MAHKEMESİ :Asliye Hukuk Mahkemesi
Taraflar arasındaki 4650 sayılı Kanunla değişik 2942 sayılı Kamulaştırma Kanununun 10. maddesine dayanan kamulaştırma bedelinin tespiti ve kamulaştırılan taşınmazın davacı idare adına tescili davasından dolayı yapılan yargılama sonunda: Davanın kabulüne dair verilen yukarıda gün ve sayıları yazılı hükmün Yargıtay"ca incelenmesi, davacı idare vekilince verilen dilekçe ile istenilmiş olmakla, dosyadaki belgeler okunup uyuşmazlık anlaşıldıktan sonra gereği görüşülüp düşünüldü: - K A R A R – Dava, 4650 sayılı Kanunla değişik 2942 sayılı Kamulaştırma Kanununun 10. maddesine dayanan kamulaştırma bedelinin tespiti ve kamulaştırılan taşınmazın davacı idare adına tescili istemine ilişkindir. Mahkemece uyulan bozma kararı gereğince inceleme ve işlem yapılarak davanın kabulüne karar verilmiş; karar, davacı idare vekilince temyiz edilmiştir.
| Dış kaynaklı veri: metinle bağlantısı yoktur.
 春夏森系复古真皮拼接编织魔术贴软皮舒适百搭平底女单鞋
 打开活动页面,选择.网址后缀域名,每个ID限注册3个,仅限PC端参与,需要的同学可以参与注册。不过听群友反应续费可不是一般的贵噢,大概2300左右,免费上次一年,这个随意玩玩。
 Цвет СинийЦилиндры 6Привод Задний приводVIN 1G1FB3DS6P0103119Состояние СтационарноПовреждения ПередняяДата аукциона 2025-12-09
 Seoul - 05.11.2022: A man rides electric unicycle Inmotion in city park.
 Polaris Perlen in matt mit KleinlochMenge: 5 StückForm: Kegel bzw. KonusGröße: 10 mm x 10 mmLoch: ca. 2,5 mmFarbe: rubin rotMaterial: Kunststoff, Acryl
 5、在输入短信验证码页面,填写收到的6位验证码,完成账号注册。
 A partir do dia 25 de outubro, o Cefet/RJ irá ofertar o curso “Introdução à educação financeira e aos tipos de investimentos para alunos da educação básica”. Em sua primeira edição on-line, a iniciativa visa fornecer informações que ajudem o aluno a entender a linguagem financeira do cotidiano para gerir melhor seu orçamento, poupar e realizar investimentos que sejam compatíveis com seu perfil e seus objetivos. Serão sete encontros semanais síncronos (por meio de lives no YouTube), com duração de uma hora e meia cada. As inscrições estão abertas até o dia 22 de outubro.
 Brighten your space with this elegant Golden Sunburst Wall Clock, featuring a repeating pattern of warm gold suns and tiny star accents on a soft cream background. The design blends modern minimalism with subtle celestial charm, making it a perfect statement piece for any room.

Mahkemece bozma ilamına uyularak karar verilmiş ise de, gerekleri tam olarak yerine getirilmemiştir. Şöyle ki; 1- Bozma öncesi hükme esas alınan bilirkişi kurulu raporunda münavebeye esas alınan ürünler buğday ve arpa olduğu, bu husustan bozma yapılmadığı halde, idare lehine oluşan usuli kazanılmış hak ihlal edilmek suretiyle münavebeye kimyon ve nohut ürünü de eklenerek tespit edilen metrekare birim fiyatına endeks uygulanmak suretiyle fazla bedel tespiti, 2-Bozma ilamında; İlk kararın davacı idare ve davalılardan ... vekili tarafından temyiz edildiği, ilk kararda tespit edilen taşınmazın zemin bedelinin, kararı temyiz etmeyen davalılar yönünden kesinleştiği ve bu bedelin davacı idare lehine usuli kazanılmış hak oluşturduğundan bozmadan sonra sadece ilk kararı temyiz eden davalının payı hesaplanarak, bu miktarın bloke ettirilip adı geçene ödenmesine ve diğer davalılar yönünden de bozmadan önceki miktarla sınırlı olarak hüküm kurulması gerektiği düşünülmeden, bozmadan sonra tespit edilen bedel üzerinden tüm davalıların payını kapsar şekilde karar verilmesi, Doğru görülmemiştir. Davacı idare vekilinin temyiz itirazları yerinde olduğundan hükmün açıklanan nedenlerle H.U.M.K.nun 428. maddesi gereğince BOZULMASINA, 06/02/2020 gününde oybirliğiyle karar verildi.